(Stored dataset items)
────────────────────

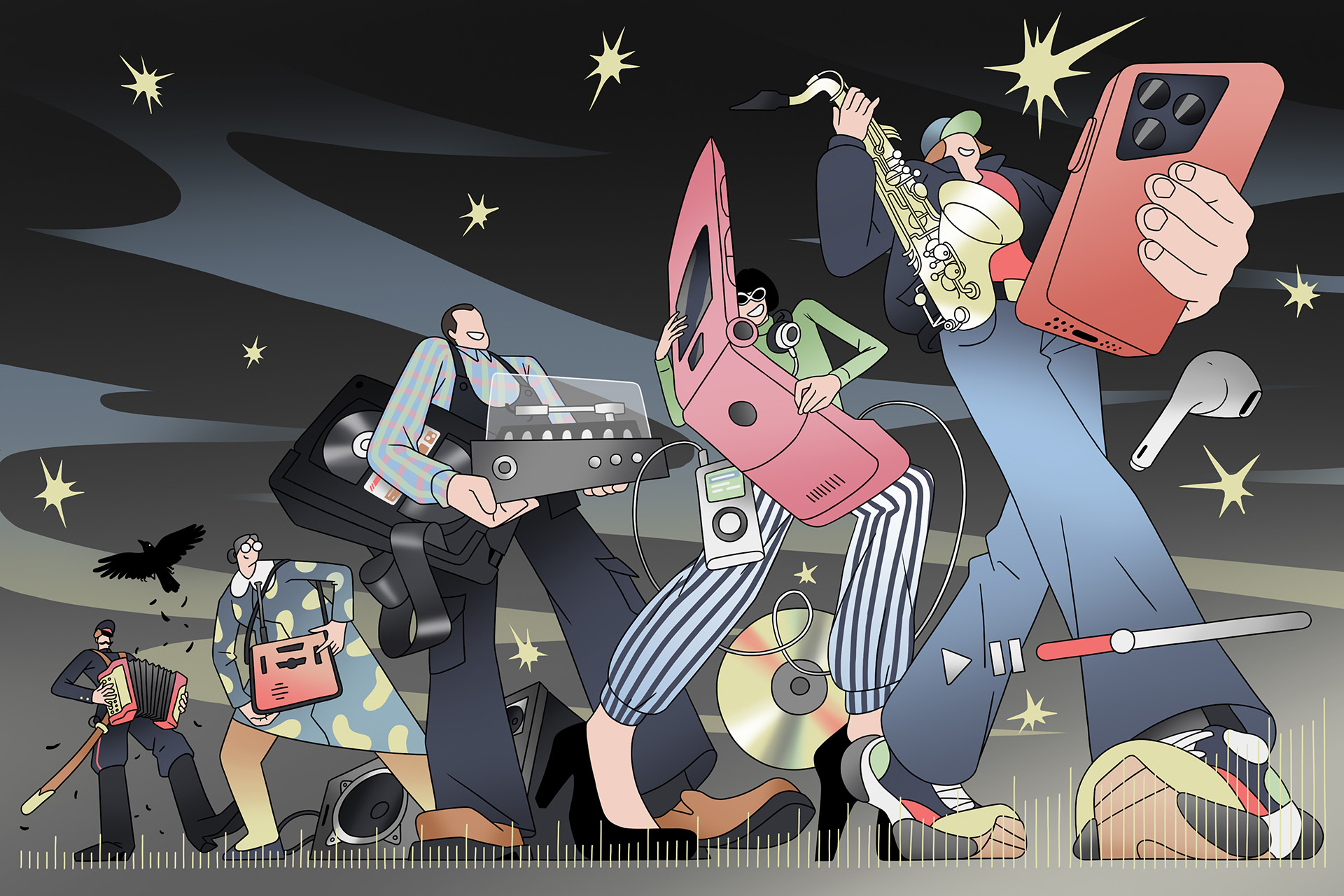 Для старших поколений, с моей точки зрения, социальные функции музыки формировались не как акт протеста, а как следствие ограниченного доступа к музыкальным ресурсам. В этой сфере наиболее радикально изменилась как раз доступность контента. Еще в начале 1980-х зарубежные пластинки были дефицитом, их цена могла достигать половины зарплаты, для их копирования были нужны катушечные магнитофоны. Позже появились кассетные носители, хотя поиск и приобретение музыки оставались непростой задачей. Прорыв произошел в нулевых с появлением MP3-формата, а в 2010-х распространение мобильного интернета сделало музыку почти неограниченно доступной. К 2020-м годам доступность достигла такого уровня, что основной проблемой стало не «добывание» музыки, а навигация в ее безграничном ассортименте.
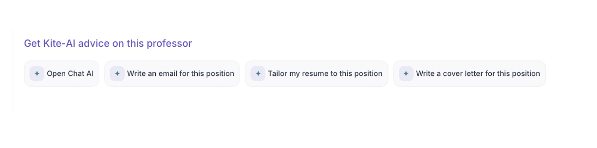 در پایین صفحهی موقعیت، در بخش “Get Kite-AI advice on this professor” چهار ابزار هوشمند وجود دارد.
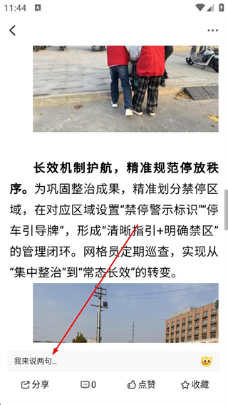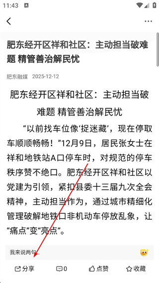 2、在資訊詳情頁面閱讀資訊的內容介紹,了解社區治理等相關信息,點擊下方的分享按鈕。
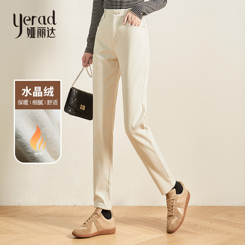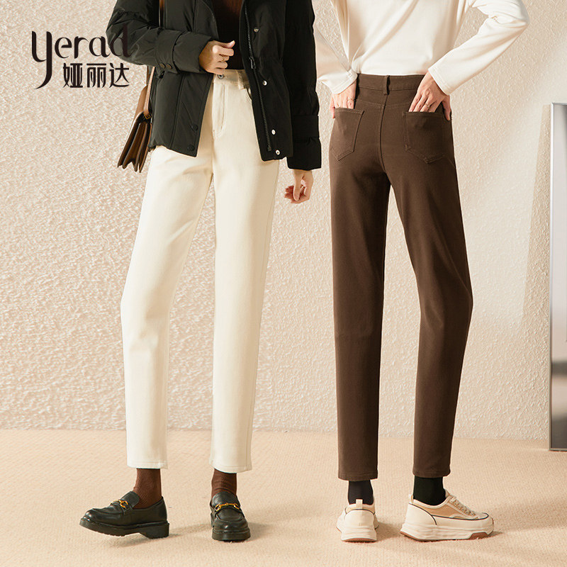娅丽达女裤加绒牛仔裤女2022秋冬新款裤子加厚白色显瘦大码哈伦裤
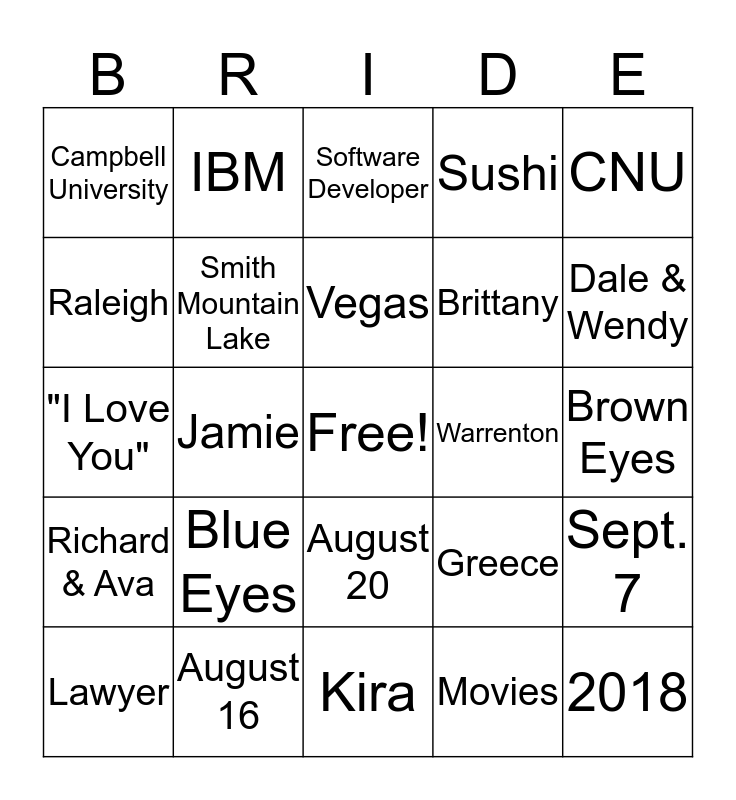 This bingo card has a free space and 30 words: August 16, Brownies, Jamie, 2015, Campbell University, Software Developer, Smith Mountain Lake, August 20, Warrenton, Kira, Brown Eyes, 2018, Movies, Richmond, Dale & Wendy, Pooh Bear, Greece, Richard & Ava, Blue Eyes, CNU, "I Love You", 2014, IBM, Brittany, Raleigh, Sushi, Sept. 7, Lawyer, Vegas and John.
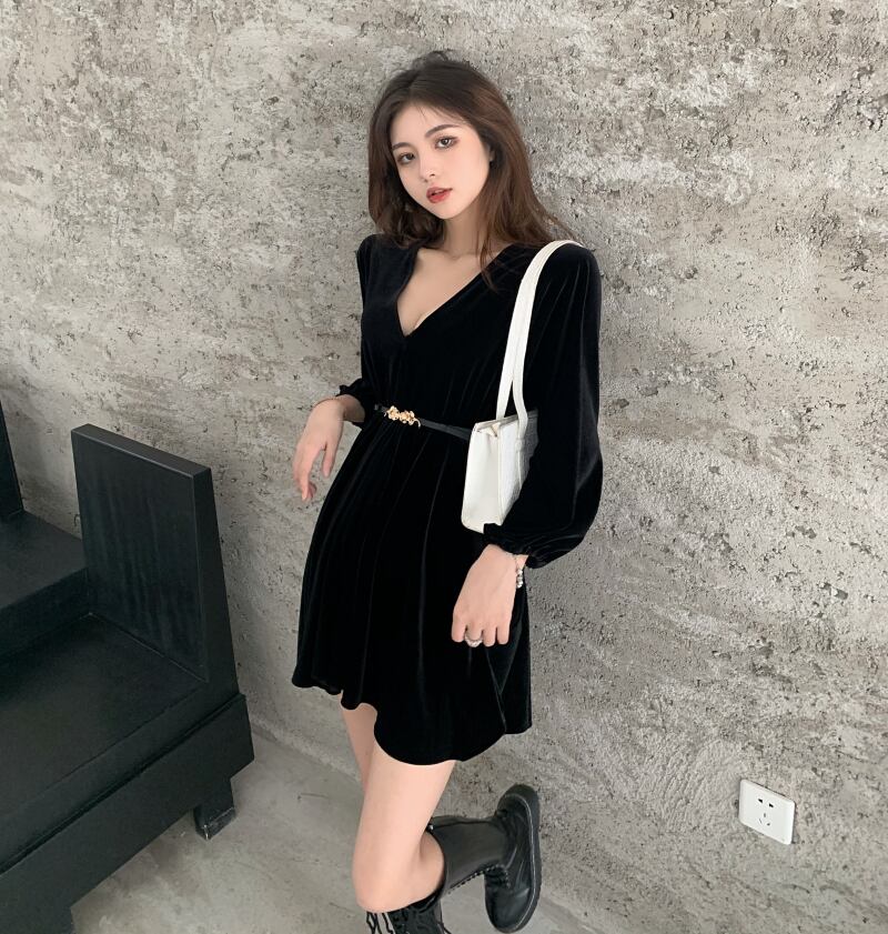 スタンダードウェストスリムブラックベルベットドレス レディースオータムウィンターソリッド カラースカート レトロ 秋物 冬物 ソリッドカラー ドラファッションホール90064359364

────────────────────

• _TO DO_
Leave the images aside and transcribe all entries exactly.

• _TASK ANSWER_
 Для старших поколений, с моей точки зрения, социальные функции музыки формировались не как акт протеста, а как следствие ограниченного доступа к музыкальным ресурсам. В этой сфере наиболее радикально изменилась как раз доступность контента. Еще в начале 1980-х зарубежные пластинки были дефицитом, их цена могла достигать половины зарплаты, для их копирования были нужны катушечные магнитофоны. Позже появились кассетные носители, хотя поиск и приобретение музыки оставались непростой задачей. Прорыв произошел в нулевых с появлением MP3-формата, а в 2010-х распространение мобильного интернета сделало музыку почти неограниченно доступной. К 2020-м годам доступность достигла такого уровня, что основной проблемой стало не «добывание» музыки, а навигация в ее безграничном ассортименте.
 در پایین صفحهی موقعیت، در بخش “Get Kite-AI advice on this professor” چهار ابزار هوشمند وجود دارد.
 2、在資訊詳情頁面閱讀資訊的內容介紹,了解社區治理等相關信息,點擊下方的分享按鈕。
娅丽达女裤加绒牛仔裤女2022秋冬新款裤子加厚白色显瘦大码哈伦裤
 This bingo card has a free space and 30 words: August 16, Brownies, Jamie, 2015, Campbell University, Software Developer, Smith Mountain Lake, August 20, Warrenton, Kira, Brown Eyes, 2018, Movies, Richmond, Dale & Wendy, Pooh Bear, Greece, Richard & Ava, Blue Eyes, CNU, "I Love You", 2014, IBM, Brittany, Raleigh, Sushi, Sept. 7, Lawyer, Vegas and John.
 スタンダードウェストスリムブラックベルベットドレス レディースオータムウィンターソリッド カラースカート レトロ 秋物 冬物 ソリッドカラー ドラファッションホール90064359364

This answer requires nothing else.